Even though it was a meager season, Eleven-12 has served up some delicious ski days. Rather than let the season fizzle with a wimper, BergBryce put out a call to rally for a trip to Mt. Shasta. Inspired by Jibmaster’s photos of Shasta’s north side, I responded and the trip was inked.
We headed up Friday afternoon – from South Lake Tahoe to Truckee to Reno to Susanville to Mt. Shasta City.
The original plan was to retrace Jibmasters route and drive to 7,000 feet on the north side, then climb and ski the Bolam Glacier. Either that or climb Shastina and either ski Diller Canyon, or the NW face and then traverse around back to the base of Diller.
After talking to TeleWoman and Don at the Mt. Shasta Ranger station we concluded that BergBryce’s Subaru would get beat up too much for either trailhead. That left us with the standard approach up Avalanche Gulch from Bunny Flat. It did not sound that appealing since we wanted to do something different, not the standard trade route.Brewer Creek was out, as was Clear Creek since the road’s were covered with snow more than a mile back.

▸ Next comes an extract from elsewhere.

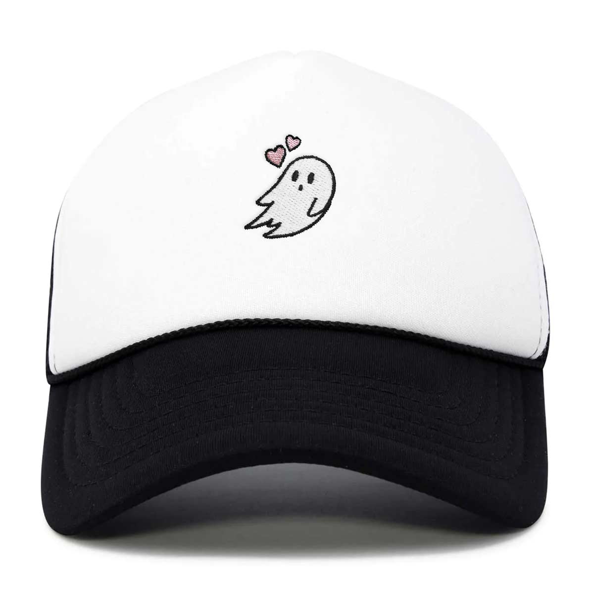 Comfy. Cozy. Cool. Our Heartly Ghost Trucker Hat is a dreamy design—embroidered with premium, vibrant thread.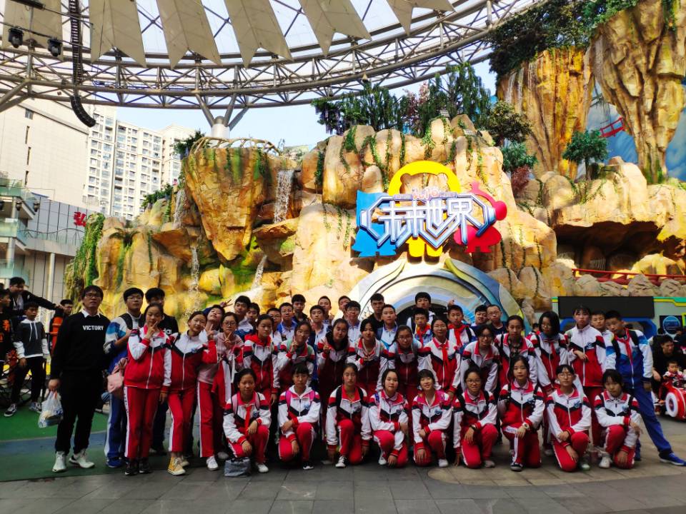 在那里,一切都显得那样令人神往,高大如巨人的摩天轮,惊险刺激的激流勇进,充满科技感的VR厅。在如梦如幻的冰雪城堡里,物理老师甚至将知识与游赏结合到了一起,研究了有趣的物理现象。也有同学战胜了自己的恐惧,勇敢地挑战从前不敢完成的困难,更多同学是在秋实践的过程中增进了与同伴与老师的感情。

So we decided to ski the West Face.
The standard approach for the West Face is to camp at Hidden Valley but that meant camping overnight and this was going to be a wham-bam one-day affair. BergBryce was concerned that Bunny Flat would be a zoo, but I assured him the only real negative was following an established trail full of foot prints instead of a smooth, clean, untracked slope of snow.We started skinning from Bunny Flat about 6am and considered following avalanche gulch part way up, then crossing over to the west face via one of the windows in the red rocks defining Casaval Ridge. However, it looked like that would mean some mixed climbing and a sizeable traverse across the West Face to get to continuous snow. We opted to stick to the standard route up Avalanche Gulch to The Thumb, then continue above Red Banks to the plateau below Misery Hill. From there we could cross over a couple hundred yards to the top of the West Face. This proved to be a superb strategy, although we were certainly questioning it as we cramponed up from Lake Helen to the Red Banks. Moving past the Heart seemed to take forever and it nearly broke my resolve to keep putting one foot in front of the other. The crunchy, still frozen surface did not feel like it would soften for a good descent and it was already 11am.
Coming up to Lake Helen there was a superb staircase of well spaced steps carved into the slope. In the steep pitch next to the Heart the existing steps had zero discernible rhythm and every time I tried to take advantage of the security those steps provided, the random, inconsistent spacing only magnified my discouragement at how interminably long this pitch felt. Thankfully the snow was crunchy and easy to grip with crampons and slow, steady switchbacks eventually paid off.During our food break at tent city by Lake Helen I suggested that since BergBryce was climbing faster, if he wanted should move at his own pace, bag the summit, and meet me at the top of Red Banks before traversing over to the West Face. However, when I arrived at the top of Red Banks he was waiting, having run out of water and experiencing cramping in his legs. He had gone through more than two liters already and I still had two left. I give him a liter of water, plus a good slash of coconut water rich in electrolytes and we shared an orange. Then I took the lead and set a series of switchbacks at a tortoise pace and we made the crest of Avalanche Gulch in 15 minutes. It was a short traverse across the top of Avalanche Gulch to the top of the West Face, but the snow was pretty heinous – refrozen wind blasted sastrugi with edges made of iced teeth. We were afraid our first turns down the West Face would consist of this junk. In fact, as we stood on the roll over facing south towards Casaval Ridge that is what the snow looked like. But when we looked behind us, towards Shastina, the snow had been protected from the wind and it rolled over with a smooth creamy surface of corn. The wind was gone, it was 2pm, and the slope beckoned.
What followed was nearly 4,000 vertical feet of 100% ego corn, perfectly ripened, never over done, all the way down to Hidden Valley at a pitch that varied from 35° at the top to 25° near the bottom with a nice mini-couloir connecting the ramp we were on to Hidden Valley below with a few turns in the 40° range. Ordinarily Shasta serves up a nice slice of corn in between an upper pitch of firm snow and a bottom pitch of mush. Somehow we managed to hit the magic hour and the entire West Face was excellent corn from top to bottom.
From the bottom at Hidden Valley we turned left and held a high traverse around the fanned out based of Casaval Ridge. In a mere 15 minutes we were back to the standard, pock-marked trail up Avalanche Gulch and the snow was still in good corn condition.
By 4:30pm we were back at the car, and headed for Mexican food in Mt. Shasta city. Round trip time on the mountain – about 10 hours.